Dictionary definitions of individual words will get you so far, but they won't recreate the full cultural significance of a majestic "vultus propitius and serenus," and for that reason the relatively neutral "looking with favour" has
certain advantages despite its flatness.

I don't know about you, but I associate serene and kindly faces with my grandparent, but I don't think that's the image the writers of the Canon had in mind.

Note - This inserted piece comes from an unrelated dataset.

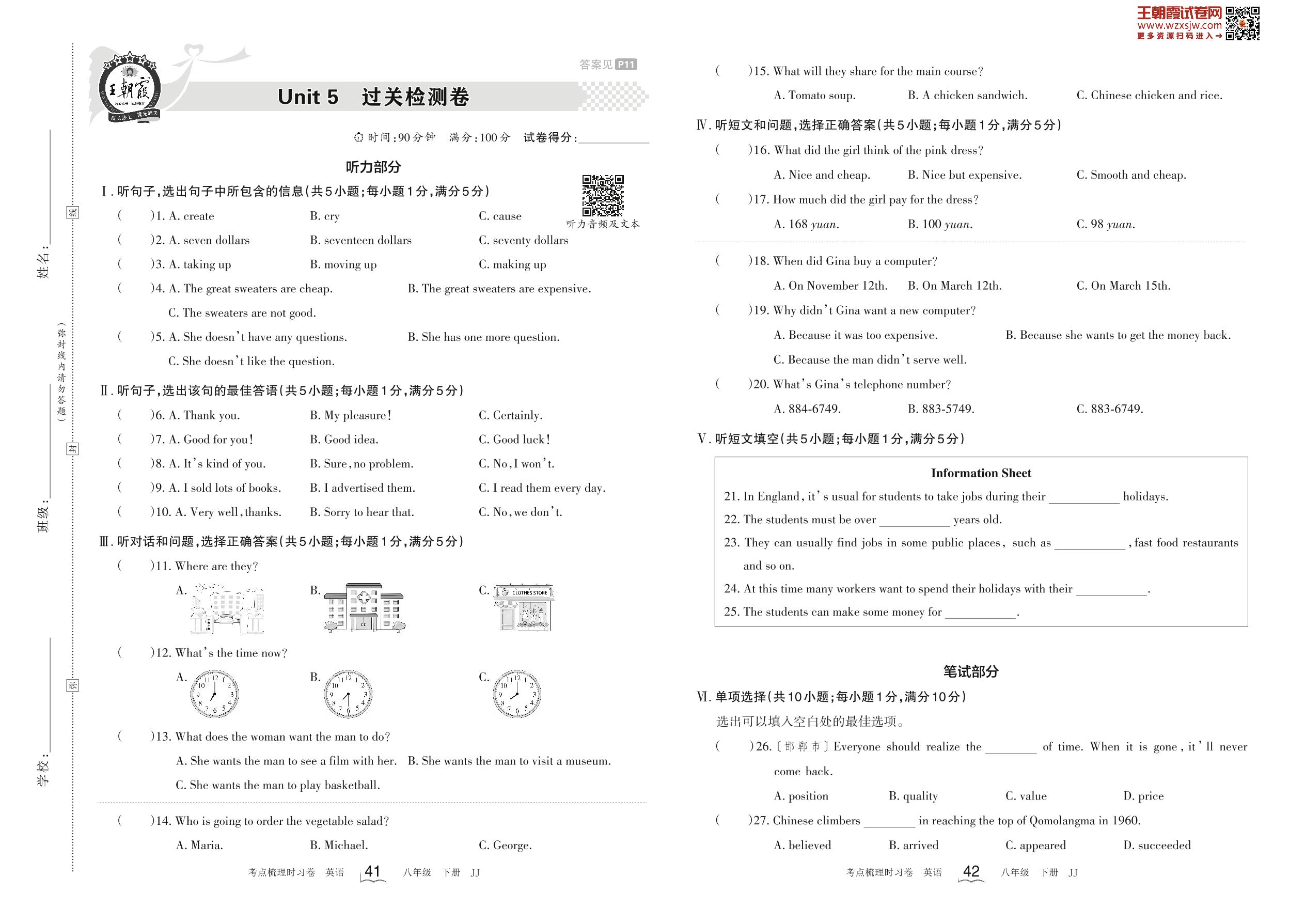 2023下册八年级英语冀教版 Unit 5 过关检测卷

PS I'm pretty sure the canon was the same in the Sarum and Tridentine rite.

27/9/05 18:16  
Blogger Henry said...

"Host" versus "victim" is interesting. Host would be closer to the Latin root but far more obscure to the English reader than "victim." Given Liturigam Authenticam, what is the right result?

Consulting Stelten again:

immaculatum hostiam
spotless victim

hostia - host, victim, sacrifice, offering, gift

In the context of the Canon, it refers to the thing being sacrificed, and which we're asking God to accept, so "victim" seems (to me) the almost obligatory choice.

27/9/05 18:16  
Blogger Henry said...

Pretty rare to hear EP I anywhere it seems to me, so the problem mentioned seems improbable at best.

Then, here in my fairly remote southern diocese, I must be more fortunate than I've been aware. At daily Mass, in the typical week I hear EP I at least twice (always on solemnities, frequently on feast days, throughout Easter and Pentecost weeks, etc) and each of the others only once or twice -- usually EP III on Sundays and feast days if not I, and (thankfully) EP II rarely on Sundays, EP IV about once a week.

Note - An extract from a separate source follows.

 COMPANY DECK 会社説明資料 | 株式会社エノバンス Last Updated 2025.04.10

Actually, our overstaffed smallish parish has 3 priests, two essentially retired but still celebrating Mass regularly, one of which usually uses EP II, one usually uses EP III, and the other uses EP I most often. So the parish is probably atypical.

27/9/05 18:44  
Blogger RC said...

I don't know about you, but I associate serene and kindly faces with my grandparent, but I don't think that's the image the writers of the Canon had in mind.

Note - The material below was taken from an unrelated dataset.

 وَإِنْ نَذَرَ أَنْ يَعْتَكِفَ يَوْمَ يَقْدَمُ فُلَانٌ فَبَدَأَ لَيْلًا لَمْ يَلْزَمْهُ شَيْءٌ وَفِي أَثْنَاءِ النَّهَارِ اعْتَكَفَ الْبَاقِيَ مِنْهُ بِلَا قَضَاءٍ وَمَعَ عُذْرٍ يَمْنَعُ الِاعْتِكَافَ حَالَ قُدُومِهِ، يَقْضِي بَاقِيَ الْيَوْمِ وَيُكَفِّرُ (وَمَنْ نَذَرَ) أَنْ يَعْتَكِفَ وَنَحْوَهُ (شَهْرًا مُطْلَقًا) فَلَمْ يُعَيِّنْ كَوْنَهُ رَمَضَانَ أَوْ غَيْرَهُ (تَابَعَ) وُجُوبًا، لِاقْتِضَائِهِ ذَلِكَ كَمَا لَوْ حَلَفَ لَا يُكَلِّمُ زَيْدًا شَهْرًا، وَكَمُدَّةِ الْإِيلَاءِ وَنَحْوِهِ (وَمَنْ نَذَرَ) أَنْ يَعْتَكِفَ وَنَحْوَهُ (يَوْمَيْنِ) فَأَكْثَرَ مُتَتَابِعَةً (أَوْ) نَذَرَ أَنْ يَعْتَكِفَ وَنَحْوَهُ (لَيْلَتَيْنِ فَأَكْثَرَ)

"Serene and kindly face" reminds us that God is eternally blessed, serene and happy. At least in our culture, where people often think of God as eternally outraged, it's a needed corrective.

27/9/05 18:52  
Blogger George Collie said...

Who cares about the Anglican canons?

My answer would be that the Anglicans have been grappling with tranlating into English for more than 450 years. Our Church has really only been dealing with English in the Mas for a century or so.

Whatever their canonical status, the Anglicans were the first Church do pray, think and speak in English. We can learn a lot from them.